## Task brief:
Once you find the line with "Both teams scored" in the listing below, set down exactly every line from it through the line with "- На мангале", but no pictures.

## Source material:
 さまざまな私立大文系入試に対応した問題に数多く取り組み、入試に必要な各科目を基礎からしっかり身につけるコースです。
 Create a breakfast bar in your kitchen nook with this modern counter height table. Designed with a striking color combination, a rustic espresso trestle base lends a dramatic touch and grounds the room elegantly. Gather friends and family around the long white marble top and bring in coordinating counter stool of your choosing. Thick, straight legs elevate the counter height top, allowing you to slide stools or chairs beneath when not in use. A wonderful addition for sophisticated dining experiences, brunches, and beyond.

---

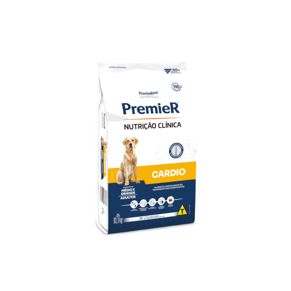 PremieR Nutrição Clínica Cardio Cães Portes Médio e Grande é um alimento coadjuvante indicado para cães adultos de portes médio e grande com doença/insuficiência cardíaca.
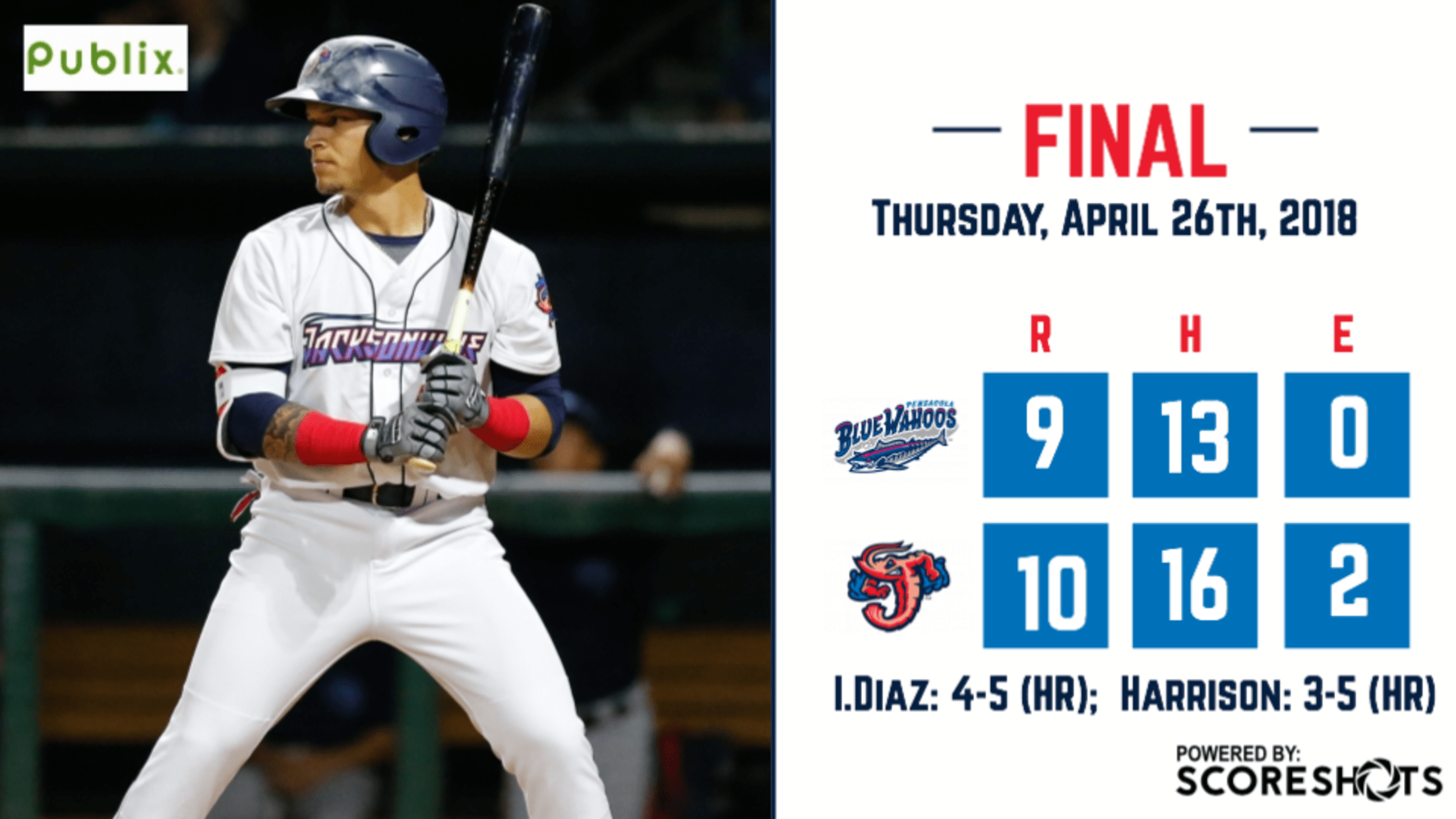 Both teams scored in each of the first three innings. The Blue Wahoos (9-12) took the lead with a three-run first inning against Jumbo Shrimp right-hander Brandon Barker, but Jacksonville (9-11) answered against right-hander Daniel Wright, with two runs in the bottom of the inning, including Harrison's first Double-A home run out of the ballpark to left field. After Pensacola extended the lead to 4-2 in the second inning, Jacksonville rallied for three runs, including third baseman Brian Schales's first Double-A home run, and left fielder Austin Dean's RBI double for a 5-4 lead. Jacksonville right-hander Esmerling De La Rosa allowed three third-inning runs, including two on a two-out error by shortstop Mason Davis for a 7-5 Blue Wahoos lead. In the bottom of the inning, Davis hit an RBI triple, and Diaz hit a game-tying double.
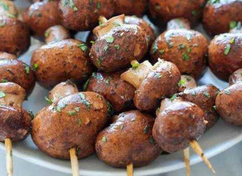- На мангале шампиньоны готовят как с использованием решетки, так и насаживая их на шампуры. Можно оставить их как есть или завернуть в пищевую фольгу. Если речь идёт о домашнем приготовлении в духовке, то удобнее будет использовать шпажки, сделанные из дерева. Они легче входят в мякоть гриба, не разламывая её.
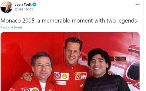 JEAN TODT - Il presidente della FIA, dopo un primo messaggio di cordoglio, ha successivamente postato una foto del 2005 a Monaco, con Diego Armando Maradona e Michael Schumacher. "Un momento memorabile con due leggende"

==

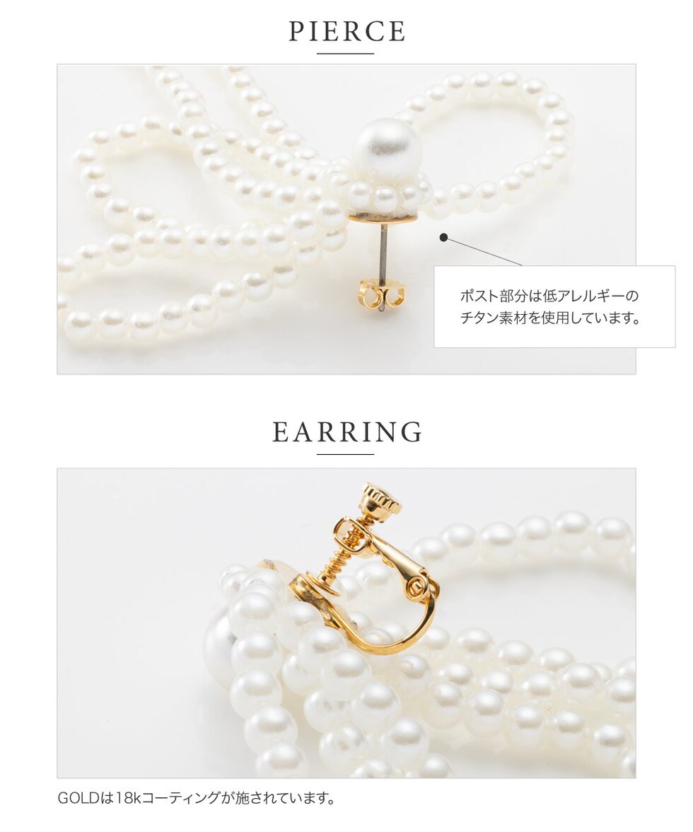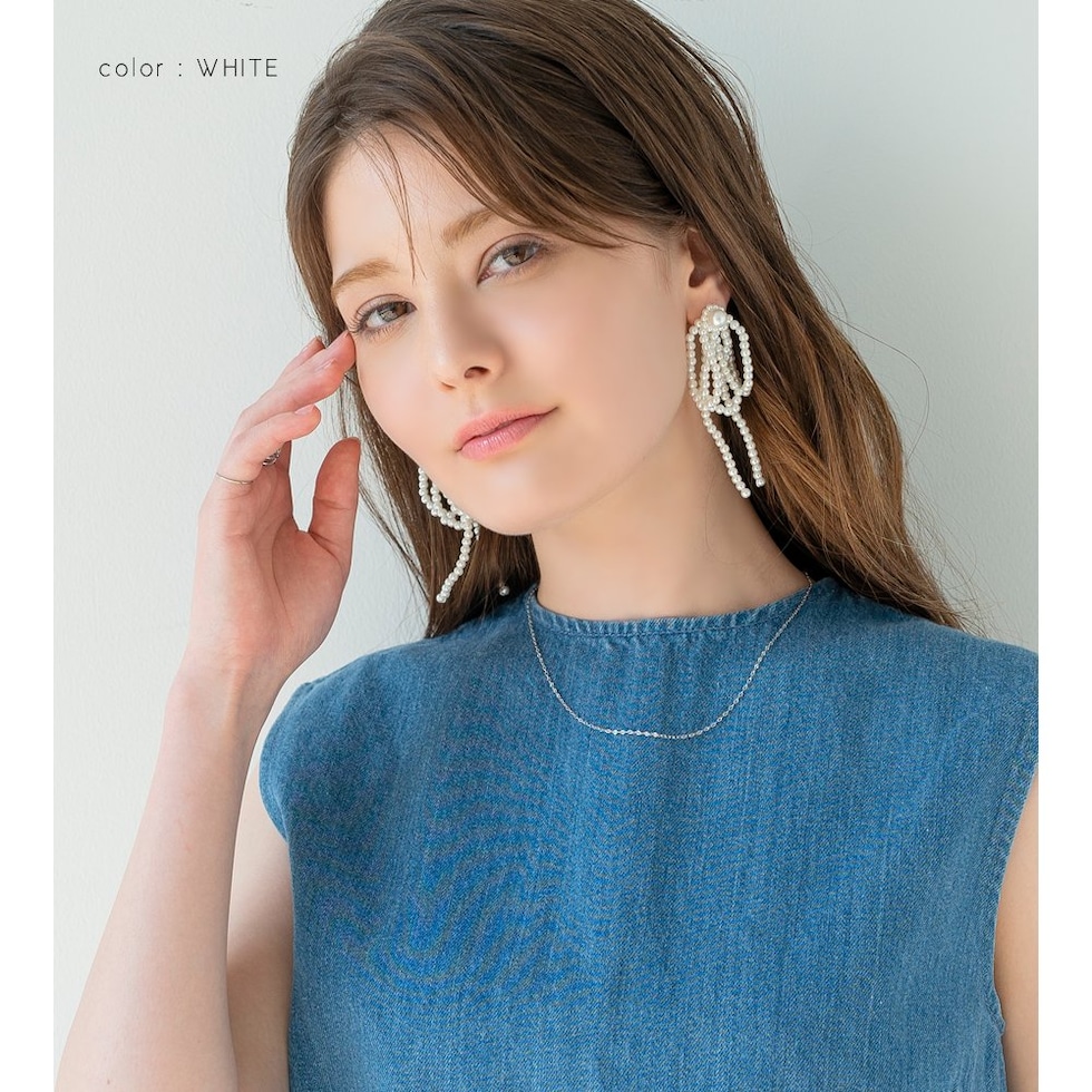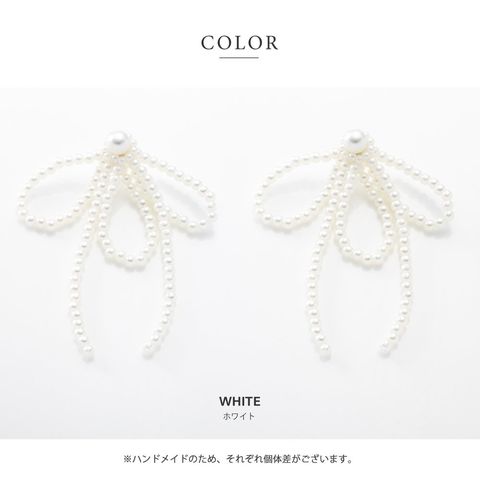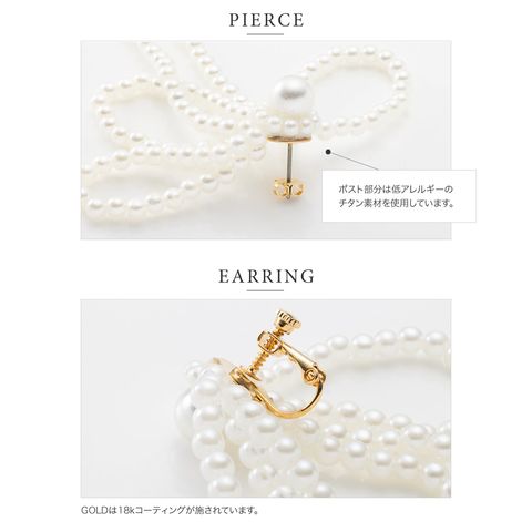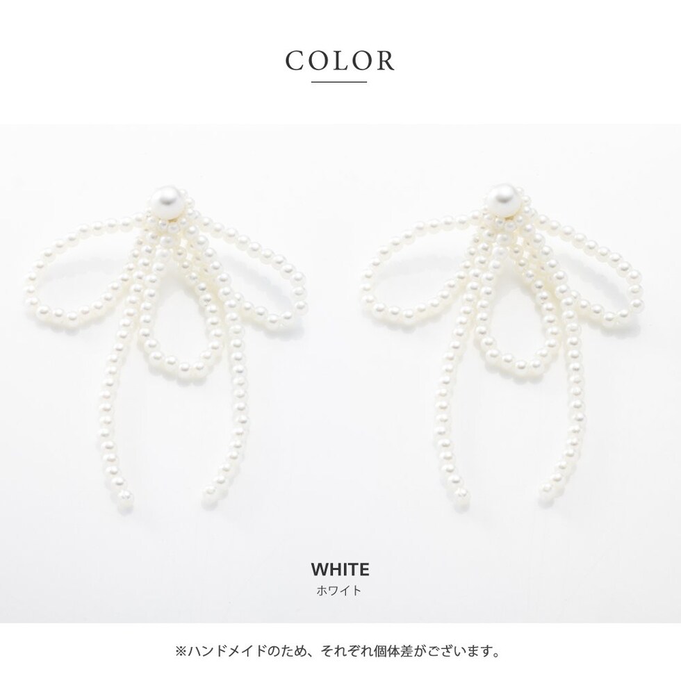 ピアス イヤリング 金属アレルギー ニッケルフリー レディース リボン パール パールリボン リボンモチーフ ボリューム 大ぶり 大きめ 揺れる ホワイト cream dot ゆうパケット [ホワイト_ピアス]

## Result:
 Both teams scored in each of the first three innings. The Blue Wahoos (9-12) took the lead with a three-run first inning against Jumbo Shrimp right-hander Brandon Barker, but Jacksonville (9-11) answered against right-hander Daniel Wright, with two runs in the bottom of the inning, including Harrison's first Double-A home run out of the ballpark to left field. After Pensacola extended the lead to 4-2 in the second inning, Jacksonville rallied for three runs, including third baseman Brian Schales's first Double-A home run, and left fielder Austin Dean's RBI double for a 5-4 lead. Jacksonville right-hander Esmerling De La Rosa allowed three third-inning runs, including two on a two-out error by shortstop Mason Davis for a 7-5 Blue Wahoos lead. In the bottom of the inning, Davis hit an RBI triple, and Diaz hit a game-tying double.
- На мангале шампиньоны готовят как с использованием решетки, так и насаживая их на шампуры. Можно оставить их как есть или завернуть в пищевую фольгу. Если речь идёт о домашнем приготовлении в духовке, то удобнее будет использовать шпажки, сделанные из дерева. Они легче входят в мякоть гриба, не разламывая её.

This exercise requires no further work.